Naturally, US business interests are preparing themselves for the opportunity to join many other nations in the shameless exploitation of the Cuban people. But they are aware that although exploiting the misery of a nation can be quite profitable, it also carries with it a lot of risk.
“Cuba is seen by many in the U.S. as the last great emerging market, and of course the proximity is extraordinary,” he said.
But investing in Cuba, as with many emerging markets, is fraught with challenges, Morris said.
For one, the state owns and controls most of the property in the country, and thus requires joint-ventures to be negotiated instead of outright purchase and ownership by foreign companies.
Successfully negotiating a joint venture can be tricky, Morris said. Foreign partners must bring either new sources of financing, new technologies or expertise, or outlets to new consumer markets.
“If you can’t provide any of those three things, your discussions with Cuban authorities won’t get anywhere,” she said.
Additionally, foreign businesses have to employ workers through state entities.
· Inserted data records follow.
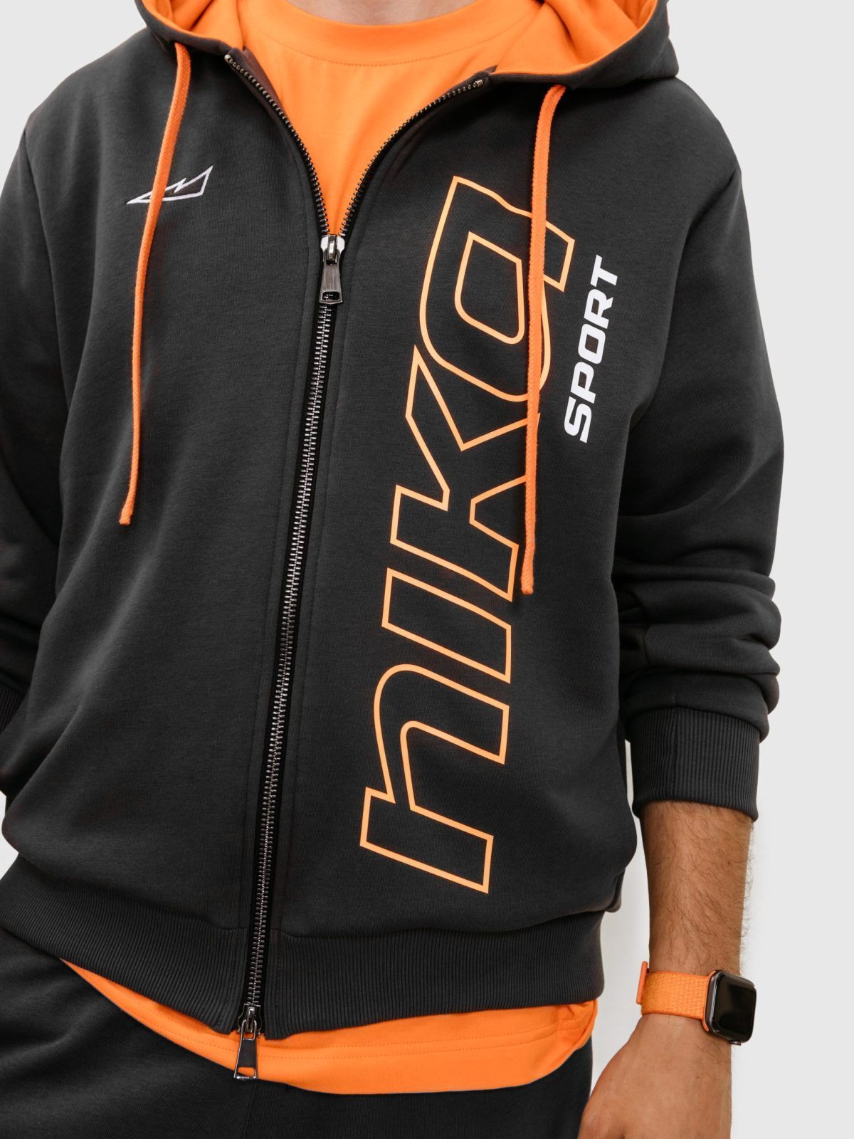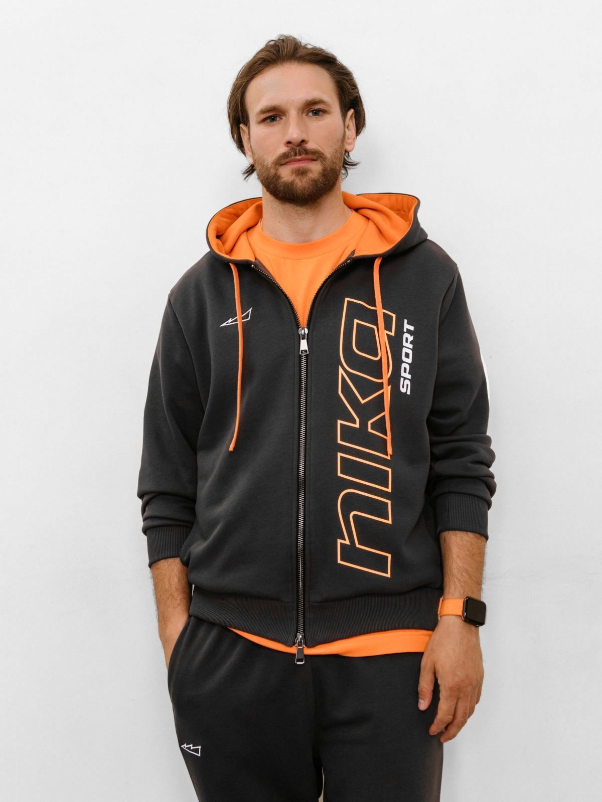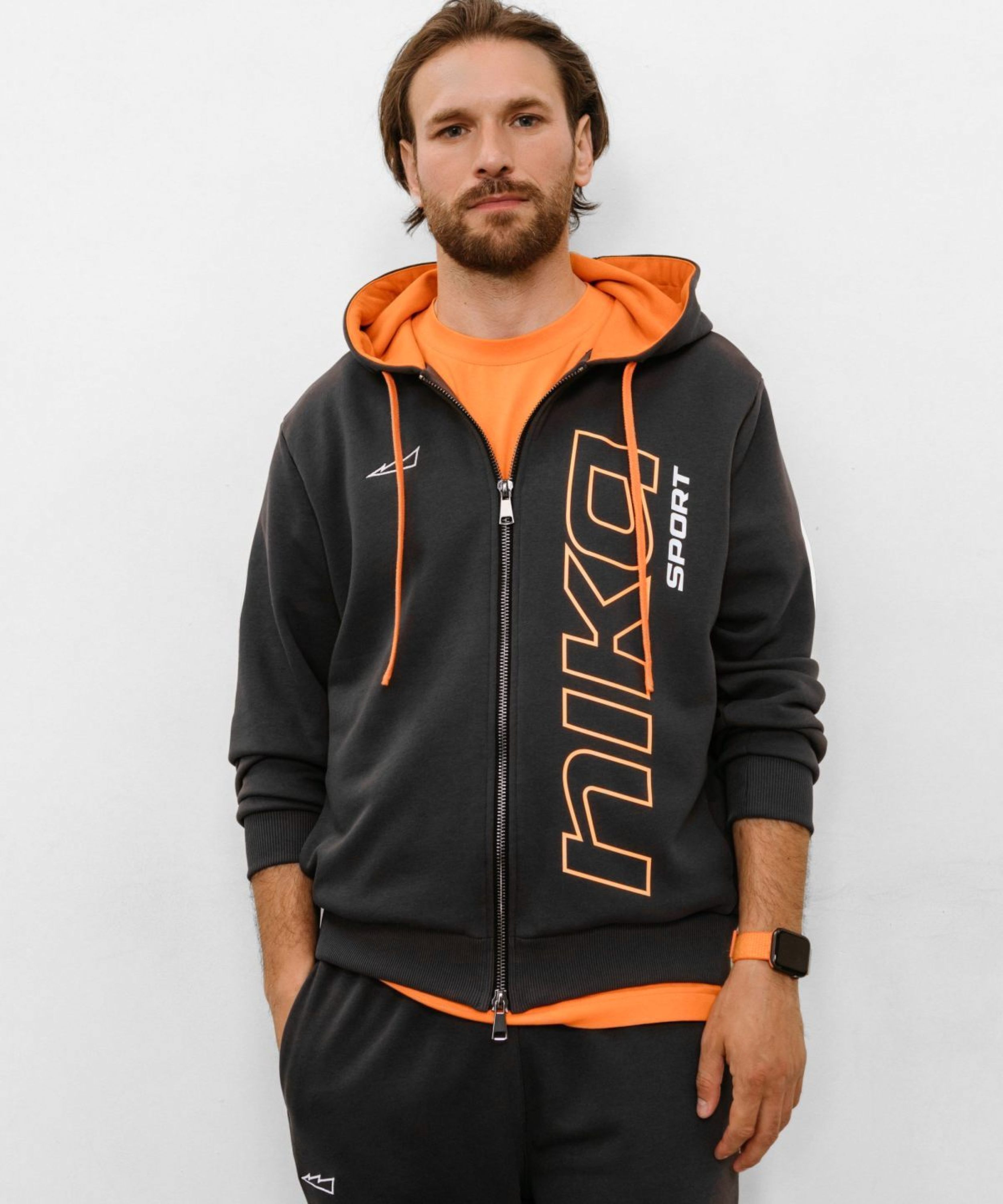 Мужское худи силуэта Regular из лимитированной коллекции B&G. В составе 80% хлопка и 20% полиэстера, что обеспечивает отличную посадку и долговечность изделия. Представлен в 2 цветах: спокойный бежевый и дерзкий темно-серый с оранжевыми акцентами. Дизайнерский лого-принт на груди, капюшон для защиты от непогоды с контрастной подкладкой и два глубоких кармана делают худи незаменимой и стильной вещью вашего повседневного гардероба.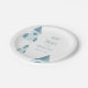 Paper plates for a baby shower with a series of blue rocket spaceships. This item shows blue space rockets with relaxed and airy text. All of the words can be customized.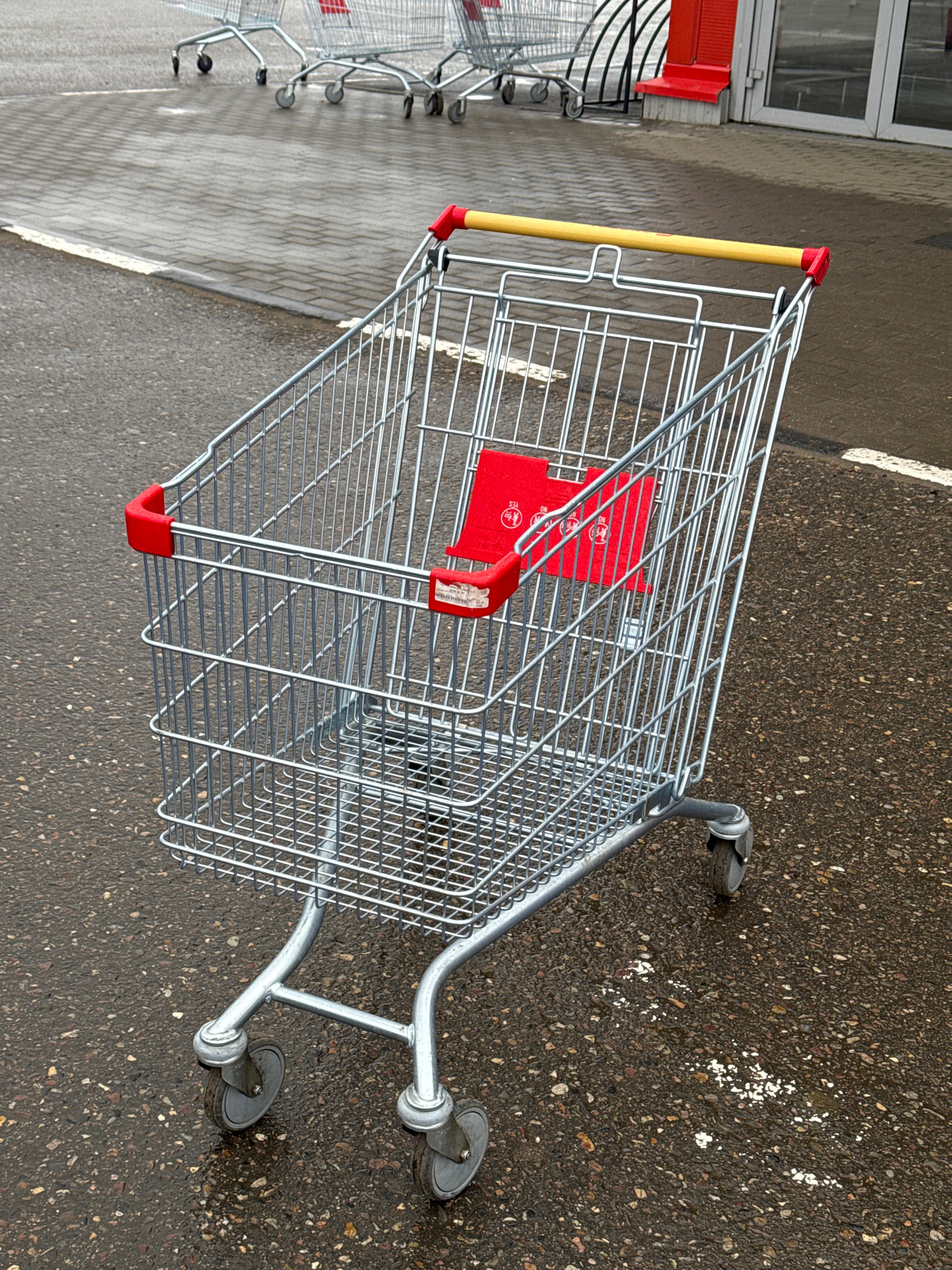 The image shows a shopping cart on wet asphalt, presumably in Ново-Никольское, Russia. The cart is silver metal with a yellow handle and red plastic accents. It sits on the asphalt with other carts be…read more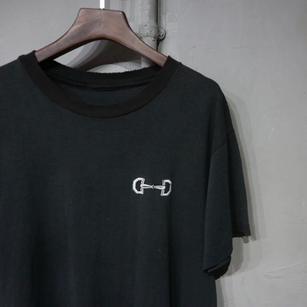 > 【即決】90s 刺繍 半袖 Tシャツ リブ ツートン ブラック 黒 シングルステッチ BORO ボロ 古着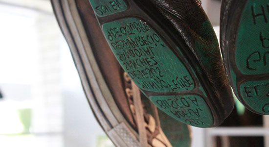 Dicha exposición es presentada con zapatos donados por los mismos familiares a quienes el colectivo, les solicita una carta de la que extraen un mensaje y la graban en la suela del mismo.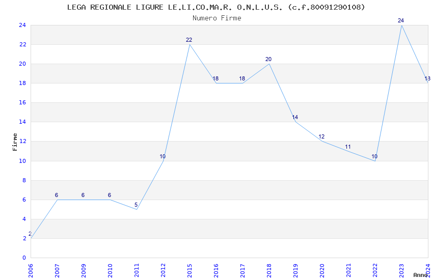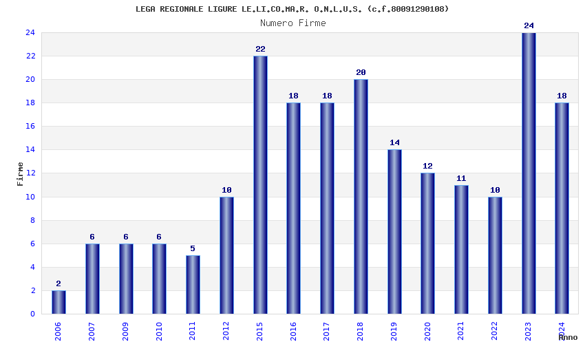 | Anno | Firme | Importi | Media | Naz. | Reg. | Prov. | Comu. |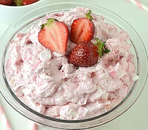 It’s a sweet, creamy salad made with fresh strawberries, whipped cream, marshmallows, and pudding mix—a delightful blend of dessert and side dish.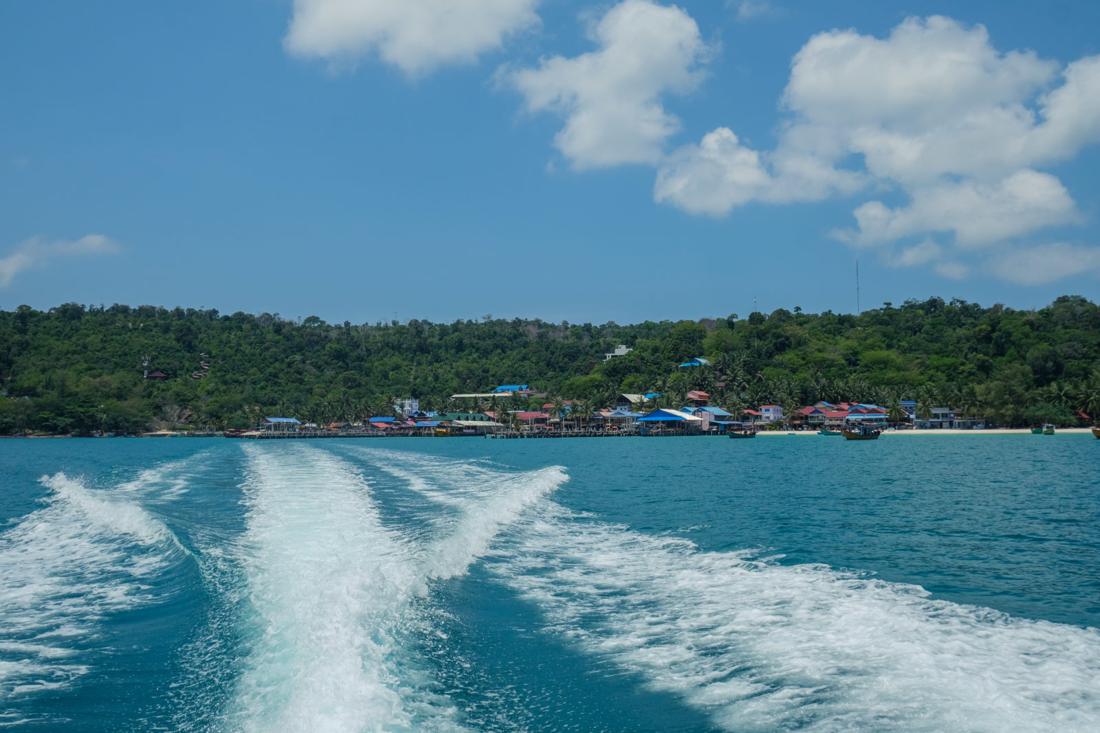 Après un énième, mais parmi les derniers, trajet en bus, nous sommes arrivés à Sihanoukville où nous devions prendre un ferry pour rejoindre l’île. Il était encore tôt donc on a dû attendre deux bonnes heures avant de monter sur le ferry. C’est en milieu de matinée que nous avons pu rejoindre notre petit bungalow sur piloti situé face à la mer. Enfin ça allait être du repos…eh non pas du tout ! À l’arrivée sur cet endroit magnifique avec la plage de sable fin et l’eau turquoise, nous apprenions qu’une partie du vol que nous avions réservé la veille venait d’être annulé. Nous avons donc dû passer le reste de notre journée à trouver une solution et à contacter le vendeur pour espérer obtenir un remboursement ! Au final, après avoir obtenu la confirmation que nous pourrions faire le premier trajet du vol, nous avons réservé un nouveau billet depuis cette étape jusqu’à Paris.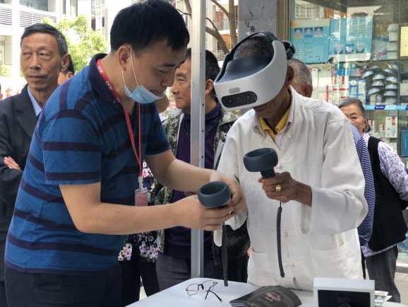 (志愿服務(wù)人員為群眾帶來白鶴梁水下遺址博物館VR體驗)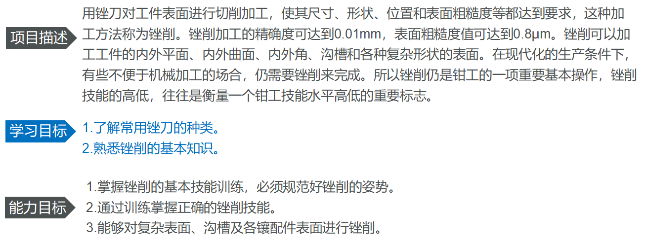 学习方法:教学视频学习、微课学习、章节自测、锉削实践训练。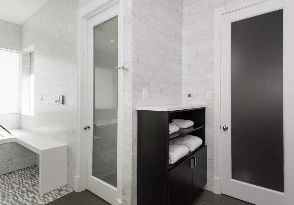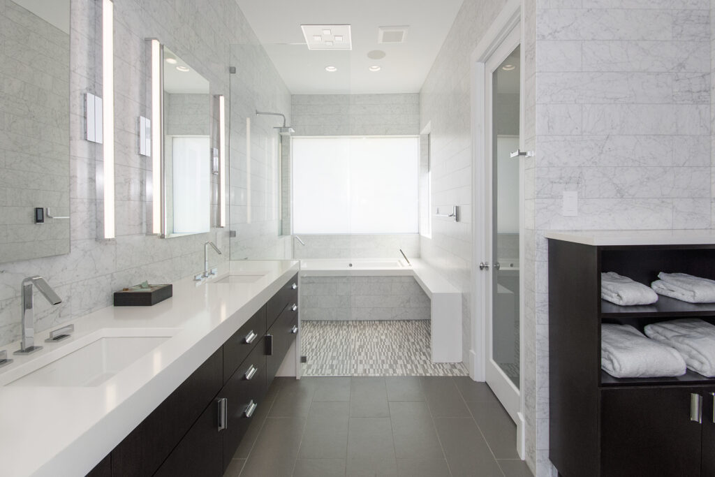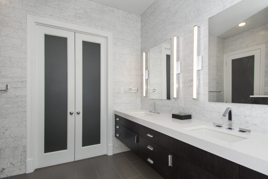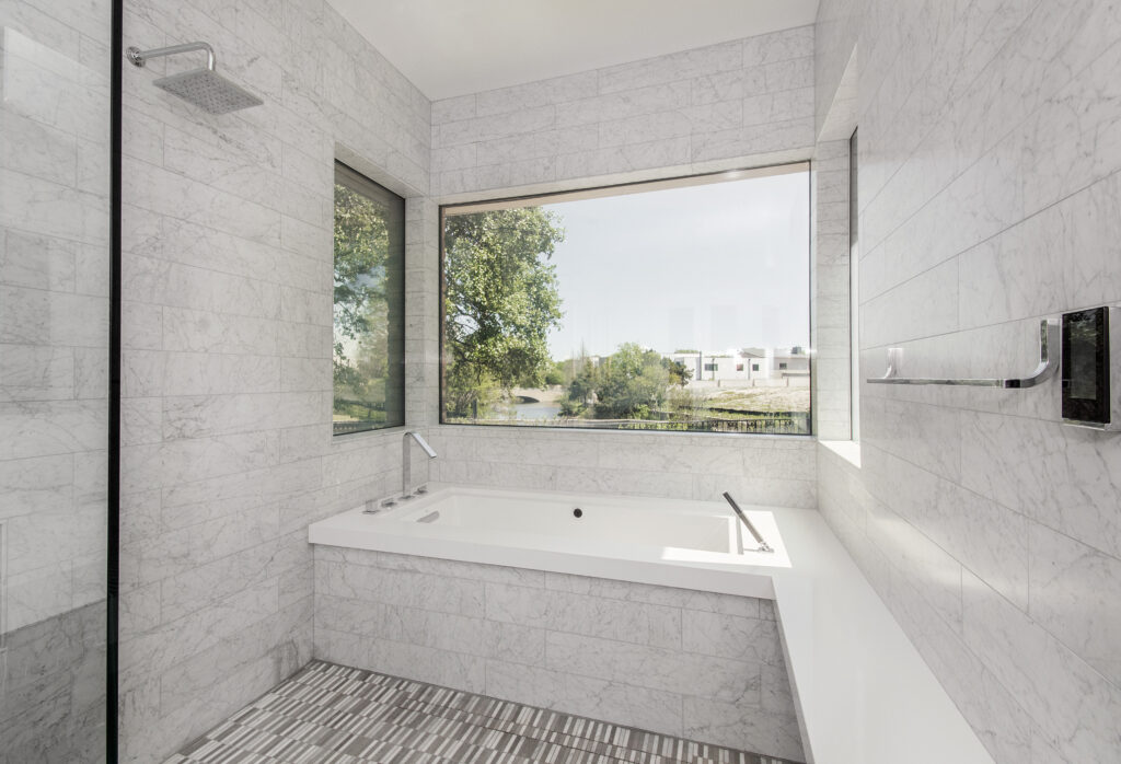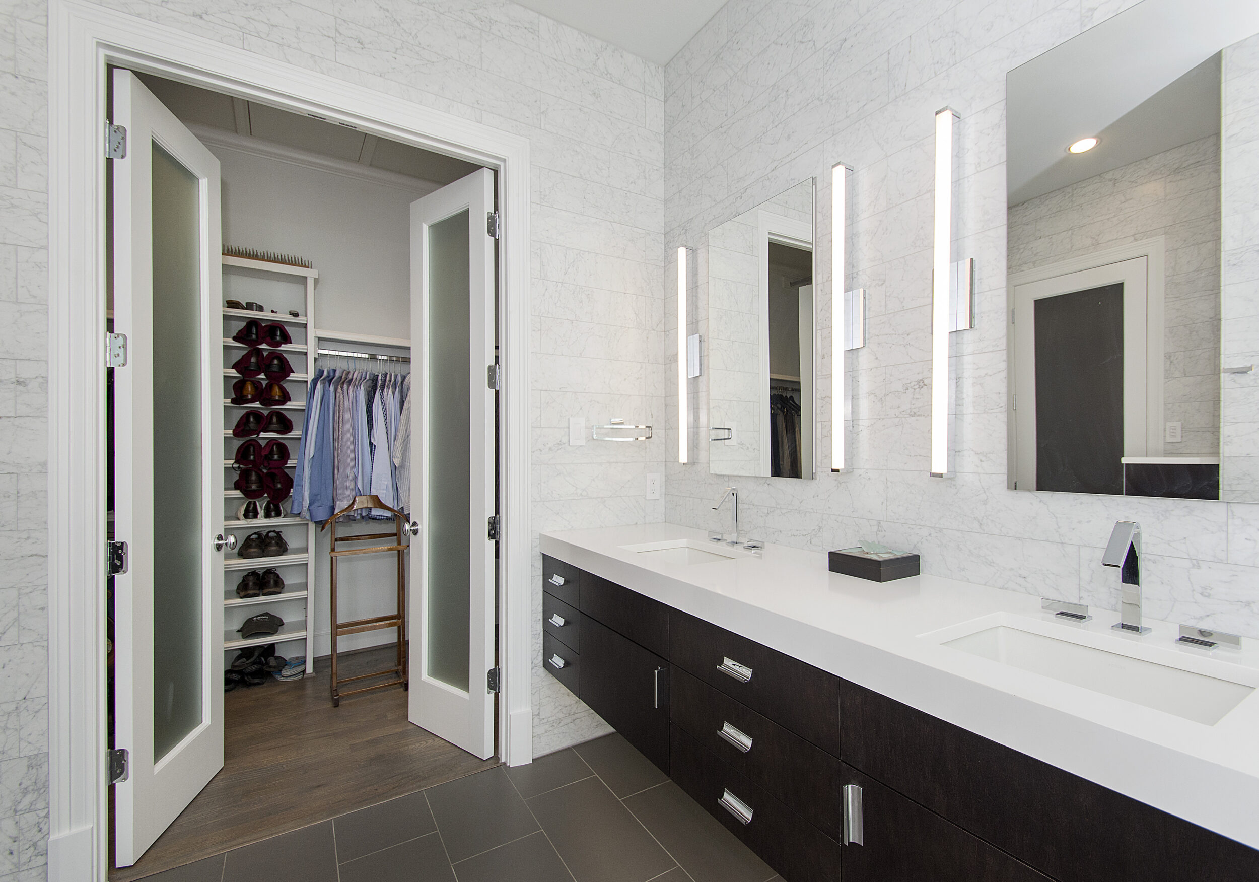 This Preston Hollow home built originally in 1978 had a really sad master bathroom that was depleted of life. With breathtaking views of the lake from these bath windows, the homeowner wanted to take advantage of the natural light in the wet room area. He wanted an unobstructed view of the lake behind his home but also privacy when getting ready for the day. We installed electrified glass that frosts at the flip of a switch allowing instant privacy but still letting the light through. We created a wet room placing the Kohler Underscore soaking tub under the windows and aligned the shower beside it. The shower has a Kohler ceiling mounted rain shower head with integrated chroma therapy accompanied by a Kohler wall mounted rain shower head controlled by a touch button Kohler DTV. Honed white marble tile from Waterworks adorns all of the walls. We lined the floors with a Scluter Ditra Heat Flooring System and a hidden linear floor drain. We used a floating vanity from Canyon Creek Cabinet company and topped it with Pure White Vicostone and under-mount sinks. The sleek chrome faucets, bath hardware, and sleek vanity sconces frame the bathroom. Lastly, the water closet got a major update with the Kohler Numi toilet with integrated bidet (and in case you were wondering, it has a remote control and will play music!). We think it is safe to say that this master bath stands out from the crowd and is quite a remarkable change from before!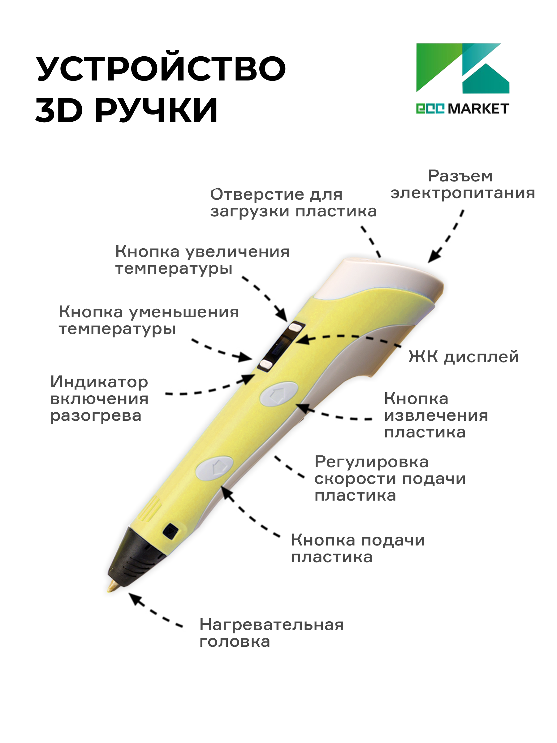 3D ручка ECC Market 3D Pen 2 с набором дополнительного пластика "радуга" и трафаретами желтый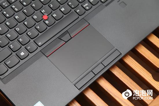触摸板部分依旧是ThinkPad最经典的搭配,支持多点触控的同时有着良好的手感,在保留经典的三键的同时在触控板下方增加了三个按键。这三颗按键相对更硬一些,但手感依旧舒适,三颗按键经过磨砂处理,触感良好。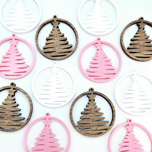 40mm WALNUT/PINK/WHITE Acrylic CHRISTMAS TREE HOOPS MIXED Pack

And finally, any joint venture agreements are subject to periodic review. If the Cuban government feels its foreign partners are not holding up their end of the partnership, they can end the agreement, thus ending the foreign business’s investment activity in the country.
Whether or not the American pirates will be able to strike a good deal with the slave masters in Havana matters little to the Cuban people. They will continue to be slaves working for their slave master.
It is interesting to note that in the 21st century, pirates are still a shameless and vile bunch.